Duplicates causing issues, how to handle merging and clustering?


I am running qiime2 version 2024.2-amplicon.

I have single-end sequencing data of the ITS region. The data is from 11 separate runs, meaning I have 11 files of multiplexed sequences. There are replicates, as some samples have been poor, and they have been rerun in a later sequencing run.

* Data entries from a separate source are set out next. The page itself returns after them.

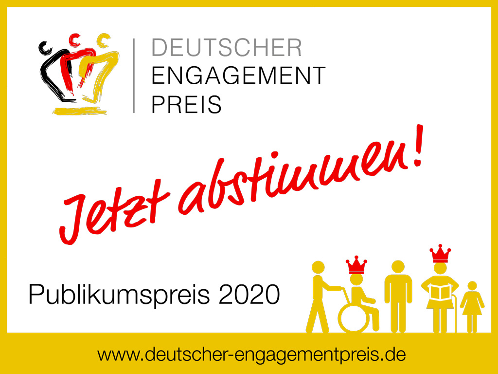Die Abstimmung über den Publikumspreis des Deutschen Engagementpreises ist gestartet. Bis zum 27. Oktober sind alle Bürgerinnen und Bürger eingeladen, auf www.deutscher-engagementpreis.de/publikumspreis für ihre Favoriten abzustimmen. 383 herausragend engagierte Personen und Initiativen haben die Chance, die bundesweit renommierte und mit 10.000 Euro dotierte Auszeichnung zu erhalten. Die 50 Erstplatzierten der Abstimmung gewinnen außerdem die Teilnahme an einem gemeinsamen Weiterbildungsseminar zu Öffentlichkeitsarbeit und gutem Projektmanagement in Berlin.
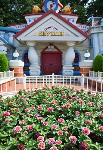 トゥーンタウン シティホール前で咲くのは ジニアです。 中でもスウィズルチェリー アンドアイボリーという品種と思われます。 咲き始めはこのような姿ですが 咲き進むに連れ黄色い中心部が このような姿になり お花の中に小さなお花が 咲いている状態になっ…
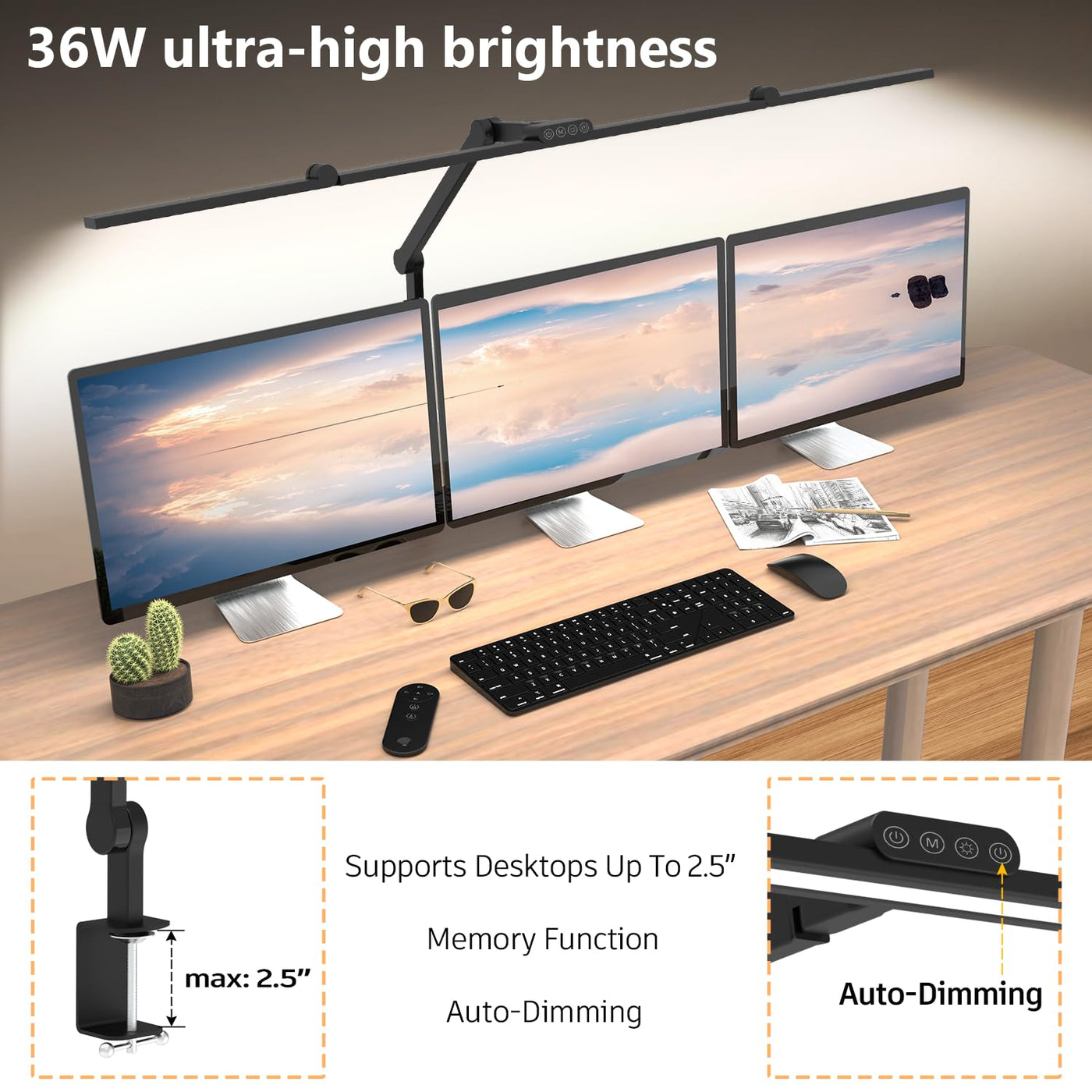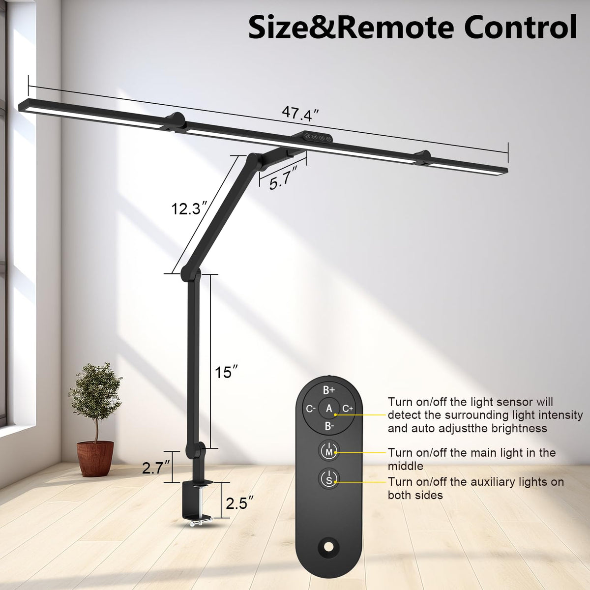 Q: Is the lamp compatible with different desk sizes?A: Absolutely! The lamp is designed to be adjustable up to 47.4 inches long and 29.9 inches high, making it suitable for various desk sizes and configurations without obstructing your view of monitors.
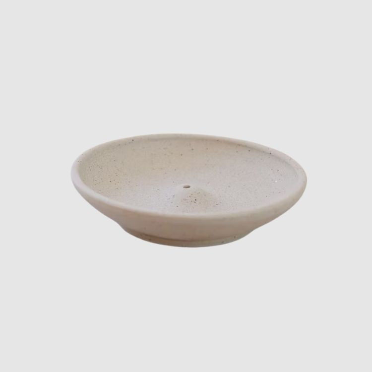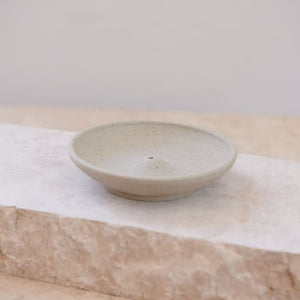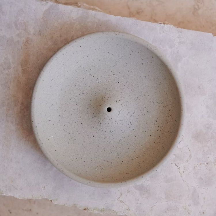 Ein schlichter, handgefertigter Keramikhalter, der sowohl kleinen als auch grossen Räucherstäbchen Halt gibt. Die Ausführung ist rau und unglasiert.

The runs have been imported, demultiplexed and then ran through Dada2 denoising seperately. At this point I attempted to merge the separate tables and rep-seq artifacts into one for the rest of the pipeline. The replicates understandably caused errors in the merge. I wrote a python script to seek out duplicates, sample ID's found in multiple runs, and compare the read counts keeping the highest read count sample. Generated lists of samples to keep, per run, and filtered the table artifacts. After filtering the merge was successful.

The problem:
As I'm working with ITS sequences, I have understood they benefit greatly from a clustering step before taxonomic classification. As dada2 outputs ASV's, I attempted to run a de-novo clustering step with vsearch, but this resulted in an error to run. Features where missing from the tables, and vsearch requires features in sequences and tables to be identical.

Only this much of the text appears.